(Stored dataset items)
== Segment start ==
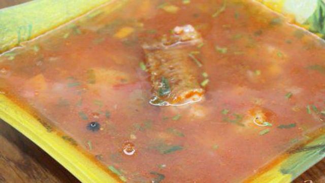 Томатный суп с копчеными куриными крыльями
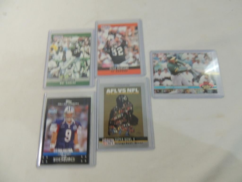 OZZIE NEWSOME, CRIS CARTER, RICKEY HENDERSON, SUPER BOWL 2, TONY ROMO FOOTBALL PLAYER CARDS. FOOTBALL TRADING CARDS. COLLECTIBLE. PROTECTIVE PLASTIC SLEEVE. SPORTS MEMORABILIA.. GOOD CONDITION. AS SHOWN SEE PHOTO FOR MORE DETAILS.
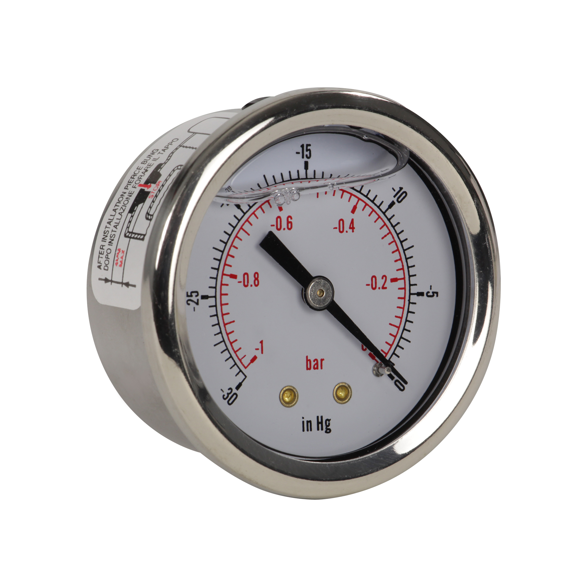 Please note that the glycerine in the gauge is not intended to fill the dial of the gauge to the very top. A small space at the top of the gauge needs to remain unfilled in order to allow internal pressure to be balanced with atmospheric pressure (see below).
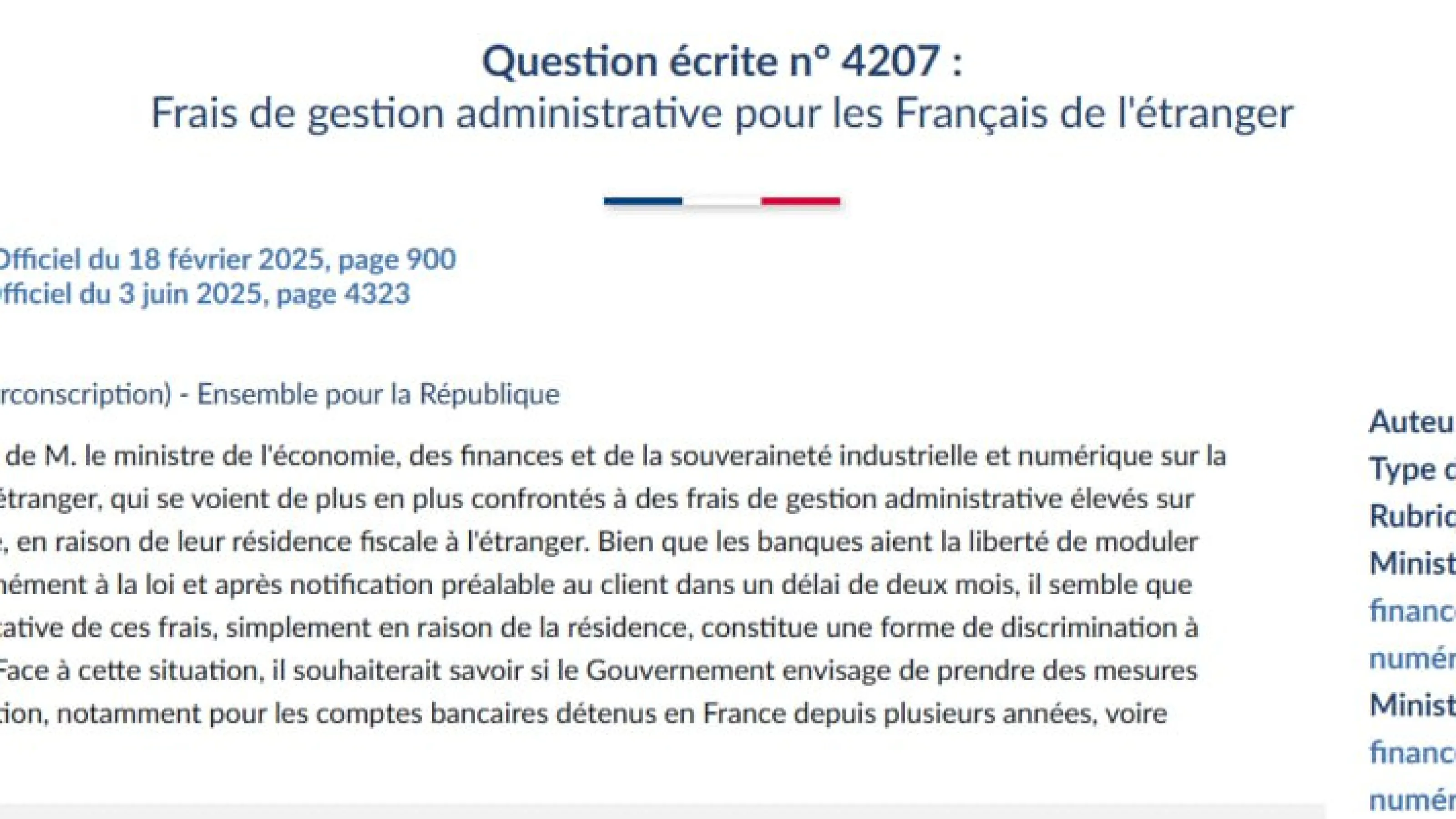 Minister's answer to my question on administrative management fees for French nationals abroad
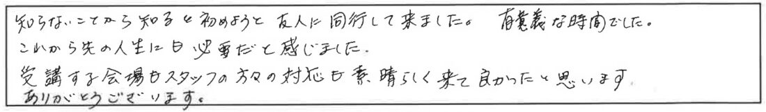 受講する会場もスタッフの方々の対応も素晴らしくて来て良かったと思います。ありがとうございます。
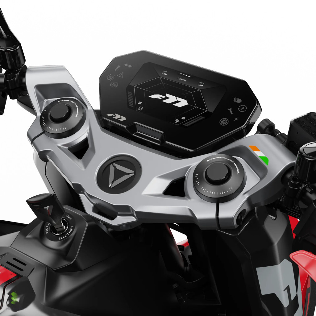 Az F77 MACH 2 nem egy olyan motor, amihez csak úgy odamész. Inkább óvatosan megközelíted. Ez a gép minden szögből tiszteletet parancsol: karakteres ívek, brutális felépítés; a formavilág minden szögből éles, agresszív és futurisztikus, a kiállás alacsony és sportos, a LED-es fényszóró pedig olyan hatást kelt, mintha egyenesen átnézne a forgalmon. Ne lepődj majd meg, ha az emberek gyakran megállnak majd és visszanéznek rá, még akkor is, amikor csak parkol. Az F77 MACH 2 sem kinézetére, sem pedig tulajdonságaiban nem egy tipikus indiai motor, hanem egy prémium termék, amely európai szintű dizájnt, indiai alapokat és a jövő elektromos technológiáját ötvöz; ha benzines street bike-okhoz vagy szokva, ez gép olyan, mintha belépnél a jövőbe.
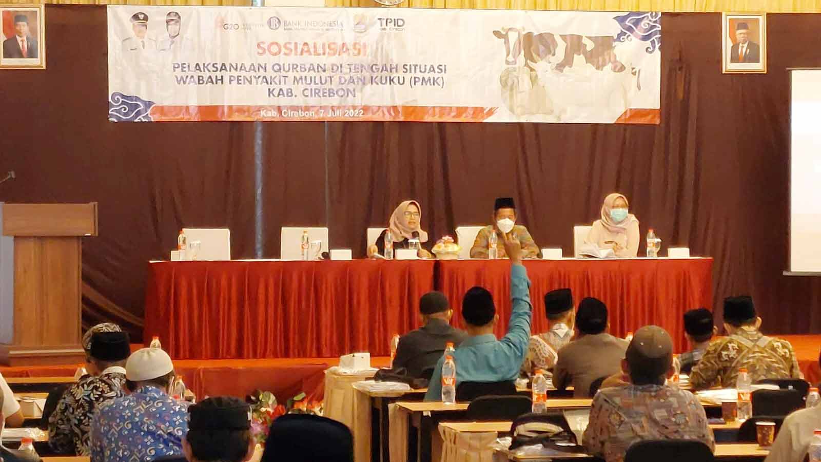 Selain itu, Distan juga menggelar Sosialisasi Pelaksanaan Kurban di Tengah Situasi Wabah PMK Kabupaten Cirebon di salah satu Hotel di Kawasan Kecamatan Kedawung, Kamis (7/7/2022).
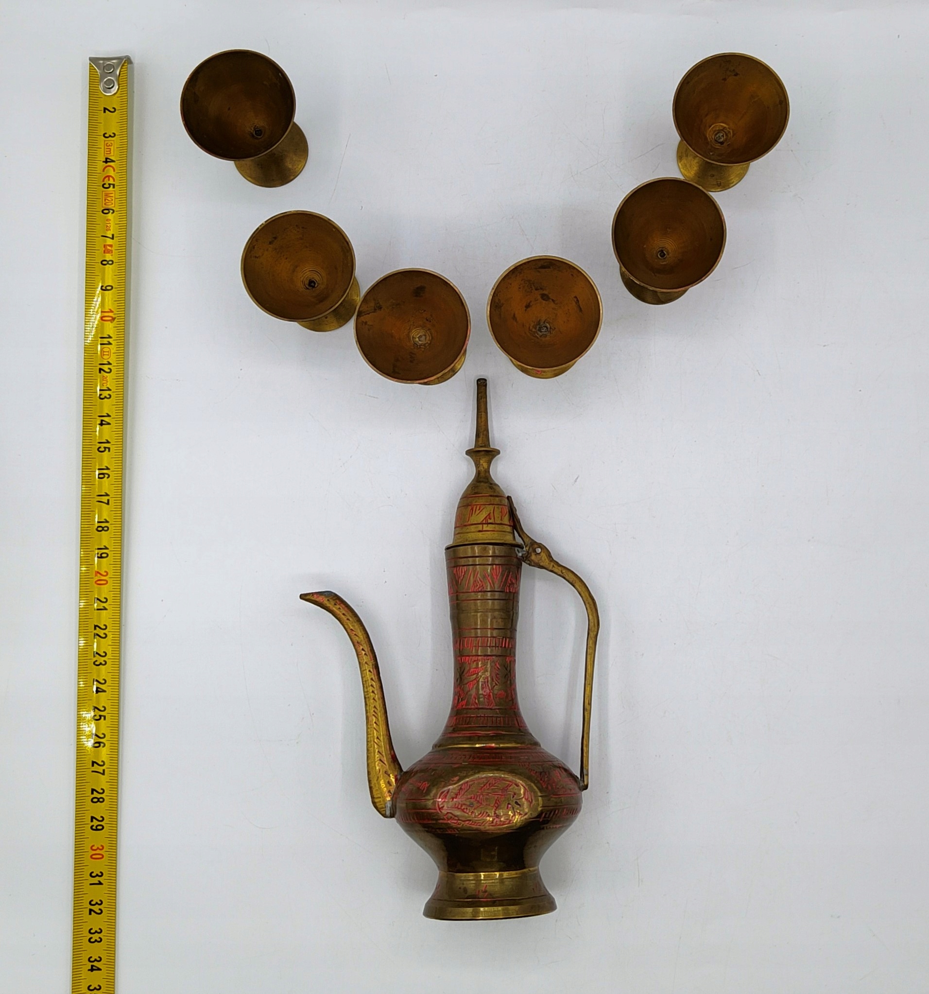 набор ручной работы из латуни. Рукописное и окрашенное. Высота мопса 19 см, емкость 100 мл, стекло составляет 6 см с вместимостью 25 мл, вес набора более 0,4 кг. Уже стационарные предметы, винтаж, что вы можете увидеть. Живи, они выглядят так же красиво, как на фотографиях. Я рекомендую!
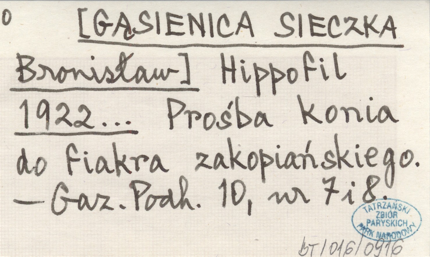 Hippofil [GĄSIENICA SIECZKA Bronisław] 1922... Prośba konia do fiakra zakopiańskiego.
== Segment end ==
THE TASK
Set every record down verbatim. No pictures belong in the copy.

SOLUTION FOR THIS EXERCISE
 Томатный суп с копчеными куриными крыльями
 OZZIE NEWSOME, CRIS CARTER, RICKEY HENDERSON, SUPER BOWL 2, TONY ROMO FOOTBALL PLAYER CARDS. FOOTBALL TRADING CARDS. COLLECTIBLE. PROTECTIVE PLASTIC SLEEVE. SPORTS MEMORABILIA.. GOOD CONDITION. AS SHOWN SEE PHOTO FOR MORE DETAILS.
 Please note that the glycerine in the gauge is not intended to fill the dial of the gauge to the very top. A small space at the top of the gauge needs to remain unfilled in order to allow internal pressure to be balanced with atmospheric pressure (see below).
 Minister's answer to my question on administrative management fees for French nationals abroad
 受講する会場もスタッフの方々の対応も素晴らしくて来て良かったと思います。ありがとうございます。
 Az F77 MACH 2 nem egy olyan motor, amihez csak úgy odamész. Inkább óvatosan megközelíted. Ez a gép minden szögből tiszteletet parancsol: karakteres ívek, brutális felépítés; a formavilág minden szögből éles, agresszív és futurisztikus, a kiállás alacsony és sportos, a LED-es fényszóró pedig olyan hatást kelt, mintha egyenesen átnézne a forgalmon. Ne lepődj majd meg, ha az emberek gyakran megállnak majd és visszanéznek rá, még akkor is, amikor csak parkol. Az F77 MACH 2 sem kinézetére, sem pedig tulajdonságaiban nem egy tipikus indiai motor, hanem egy prémium termék, amely európai szintű dizájnt, indiai alapokat és a jövő elektromos technológiáját ötvöz; ha benzines street bike-okhoz vagy szokva, ez gép olyan, mintha belépnél a jövőbe.
 Selain itu, Distan juga menggelar Sosialisasi Pelaksanaan Kurban di Tengah Situasi Wabah PMK Kabupaten Cirebon di salah satu Hotel di Kawasan Kecamatan Kedawung, Kamis (7/7/2022).
 набор ручной работы из латуни. Рукописное и окрашенное. Высота мопса 19 см, емкость 100 мл, стекло составляет 6 см с вместимостью 25 мл, вес набора более 0,4 кг. Уже стационарные предметы, винтаж, что вы можете увидеть. Живи, они выглядят так же красиво, как на фотографиях. Я рекомендую!
 Hippofil [GĄSIENICA SIECZKA Bronisław] 1922... Prośba konia do fiakra zakopiańskiego.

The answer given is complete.